We uploaded a physical map of the world, and only the coast, in low resolution. Let's draw it:
# Creating a map
plot([-180,180], [-90,-90], fillrange=[90,90], color=:lightblue)
# Let's draw the outline of the coast
for shape in table
x = [point.x for point in shape.geometry.points]
y = [point.y for point in shape.geometry.points]
plot!(x, y, color=:white, linewidth=0.5)
end
plot!(legend=false, grid=false, axis=false, framestyle=:none,
size=(1200, 600), xlim=(-180, 180), ylim=(-90, 90), aspect_ratio=:equal)
And add a few points and a route.:
# Adding points (example: London, New York, Moscow)
cities_lon = [-0.1276, -74.0060, 37.6176]
cities_lat = [51.5072, 40.7128, 55.7558]
city_names = ["London", "new york", "Moscow"]
scatter!( cities_lon, cities_lat, color=:red, markersize=5, label="Cities")
# Adding a line (example: route)
route_lon = [-0.1276, 37.6176] # London -> Moscow
route_lat = [51.5072, 55.7558]
plot!(route_lon, route_lat, color=:blue, linewidth=2, label="Route")
# We sign the names of cities
for c in zip(cities_lon, cities_lat, city_names)
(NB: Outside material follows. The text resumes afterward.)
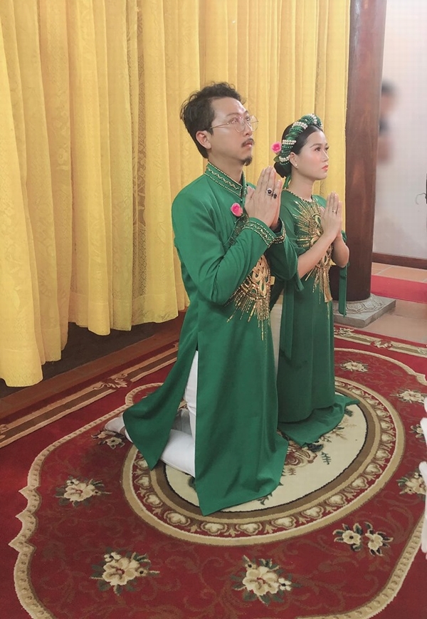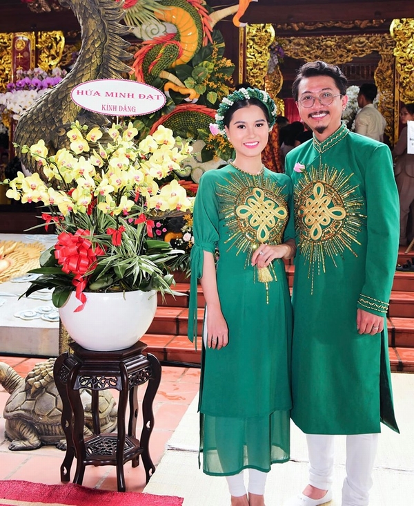 Vợ chồng Hứa Minh Đạt – Lâm Vỹ Dạ diện áo dài đôi đi cúng Tổ nghề sân khấu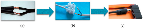 The evolution of electric connections is possible to see in Figure 14. The electrical connections of 1G-SHSs were normally made through splices in the conductors that had to be isolated later (the Bolivian standard NB1056 included an annex on the best way to make splices). For 2G-SHSs, generic connectors are incorporated as a standard of installations, eliminating splices and insulating tape, thus reducing the points of failure. On the contrary, 3G-SHSs use connectors specifically designed under a plug and play logic. Thus, it is easy to interconnect modules, loads, batteries, using universal ports. This makes 3G-SHSs installations much faster and extremely safe, avoiding errors, and making self-installation possible without a specialized technician.

annotate!(c[1], c[2], text(c[3], 8, :bottom))
end
plot!()
Map output in other projections
In order to display vector information in another projection, it is enough to create an object that will transform coordinates and apply it to each pair of coordinates. We will perform this operation using the library. Proj and we will build a map in several projections, also drawing the equator line and displaying the location of the points of interest on the map.
Pkg.add("Proj")
using Proj
# Defining projections
projections = [
("Mercator", "+proj=merc +lon_0=0 +lat_ts=0 +x_0=0 +y_0=0"),
("Robinson", "+proj=robin +lon_0=0 +x_0=0 +y_0=0"),
("Mollweide", "+proj=moll +lon_0=0 +x_0=0 +y_0=0"),
("Orthographic (spherical)", "+proj=ortho +lat_0=30 +lon_0=0"),
("Eckert IV (pseudo-cylindrical)", "+proj=eck4 +lon_0=0"),
("Winkel Tripel (compromise)", "+proj=wintri +lon_0=0"),
("Sinusoidal (equilateral)", "+proj=sinu +lon_0=0"),
("Azimuthal Equidistant (azimuthal)", "+proj=aeqd +lat_0=0 +lon_0=0")
]
# Creating an array of subgraphs
plt = plot(layout=(ceil(Int32, length(projections) / 2),2), size=(800, 1200))
for (i, (name, proj)) in enumerate(projections)
trans = Proj.Transformation("+proj=longlat", proj)
# Specifying the current subgraph
subplot = plt[i]
for shape in table
x = [point.x for point in shape.geometry.points]
y = [point.y for point in shape.geometry.points]
xy_transf = trans.(x, y)
xx,yy = getindex.(xy_transf, 1), getindex.(xy_transf, 2)
plot!(subplot, xx, yy, c=1, lw=0.5, fill=:lightblue, title=name, legend=false, grid=false, framestyle=:none)
end
# Adding the equator
lons = range(-180, 180, length=100)
lats = zeros(100)
line_transf = trans.(lons, lats)
x_line, y_line = getindex.(line_transf, 1), getindex.(line_transf, 2)
plot!(subplot, x_line, y_line, c=:red, lw=2, label="Equator")
# Adding markers
cities_transf = trans.(cities_lon, cities_lat)
cities_x = getindex.(cities_transf, 1)
cities_y = getindex.(cities_transf, 2)
scatter!(subplot, cities_x, cities_y, color=:red, markersize=5, label="Cities")
for c in zip( cities_x, cities_y, city_names)
annotate!(subplot, c[1], c[2], text(c[3], 8, :bottom))
end
end
display(plt)
Conclusion
In many projects (for example, those dedicated to navigation), information output performed in such a simple way may be useful. And having mastered the language of the Proj library, you can flexibly transform the coordinates of points and output them using the usual library tools. Plots.